Within hours of the leak, hundreds of victims had lined up at Hamidia Hospital and makeshift clinics, where doctors and nurses worked frantically to ease their misery. As the hospitals filled, patients gathered in the corridors or on the grounds outside; side by side, babies and children thrashed around, unable to breathe. Thousands of animals were also killed by the gas. As the days passed, a sickly stench of decay arose from the bloated carcasses of water buffalo, cattle and dogs that clogged the city's streets. Finally, the army removed them with cranes. But as long as animal and human corpses decomposed in the open air, the threat of contamination increased, and with it the specter of cholera. Meanwhile, rats scurried around the dead bodies, awakening fears of bubonic plague. For days, vultures and wild-eyed pariah dogs roamed through the piles of rotting flesh, feasting.

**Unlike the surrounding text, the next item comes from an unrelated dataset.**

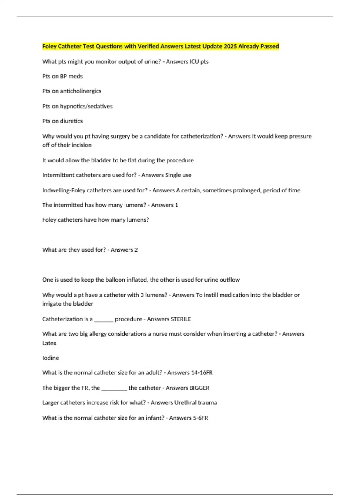 Foley Catheter Test Questions with Verified Answers Latest Update 2025 Already Passed What pts might you monitor output of urine? - Answers ICU pts Pts on BP meds Pts on anticholinergics Pts on hypnotics/sedatives Pts on diuretics Why would you pt having surgery be a candidate for catheterization? - Answers It would keep pressure off of their incision It would allow the bladder to be flat during the procedure Intermittent catheters are used for? - Answers Single use Indwelling-Foley catheters are used for? - Answers A certain, sometimes prolonged, period of time The intermitted has how many lumens? - Answers 1 Foley catheters have how many lumens? What are they used for? - Answers 2 One is used to keep the balloon inflated, the other is used for urine outflow Why would a pt have a catheter with 3 lumens? - Answers To instill medication into the bladder or irrigate the bladder Catheterization is a ______ procedure - Answers STERILE What are two big allergy considerations a nurse must consider when inserting a catheter? - Answers Latex Iodine What is the normal catheter size for an adult? - Answers 14-16FR The bigger the FR, the ________ the catheter - Answers BIGGER Larger catheters increase risk for what? - Answers Urethral trauma What is the normal catheter size for an infant? - Answers 5-6FR What is the normal catheter size for a child? - Answers 8-10FR What is the normal catheter size for a young girl? - Answers 12FR What is the recommended balloon size for adults? - Answers 10ML You should hang the catheter bag _______ , and never let it ________ - Answers below the bladder - touch the floor When might a larger catheter be used? - Answers After a urological surgery, such as a prostate surgery When the pt has a large amount of hematuria Emptying the drainage bag when 1/2 full does what? - Answers reduces tension and pulling on the catheter tube What should you do if there is an absence of urine? - Answers Make sure the tube is not kinked or occluded When would a suprapubic catheter be inserted? - Answers When there is a blockage of the urethra such as : Enlarged prostate urethral stricture urological surgery Or when long term catheterization has irritated the urethra What type of tape should you use when using a condom catheter? - Answers Elastic tape Allow _____in. to _____in between the tip of the condom catheter and the penis. - Answers 1-2 What can you ask a pt when inquiring if they have an iodine allergy? - Answers If they are allergic to shellfish If you have a confused client you should ... - Answers Get extra help to assist in the procedure What should be underneath the pt when inserting a catheter?? - Answers A water proof pad What should you do before you insert a catheter? - Answers Provide perineal hygiene using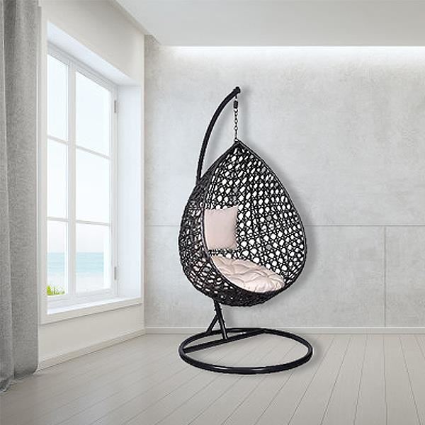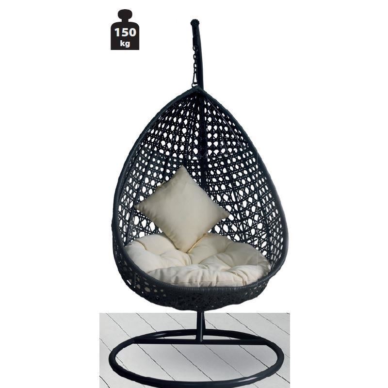 Scaun leagan suspendat, ratan sintetic, gri/crem, max 150 kg, Jakarta

Rajiv Gandhi, who succeeded his mother Indira as Prime Minister after her assassination in October, broke off his campaigning for the Dec. 24 national elections to visit Bhopal. Expressing his shock and sorrow, Gandhi announced a $4 million relief fund. In addition, Arjun Singh, chief minister of Madhya Pradesh state, of which Bhopal is the capital, promised compensation of about $500 for every family that had suffered a death and $100 for every family that had a member hospitalized. President Reagan sent Gandhi a note expressing the grief shared by him and the American people.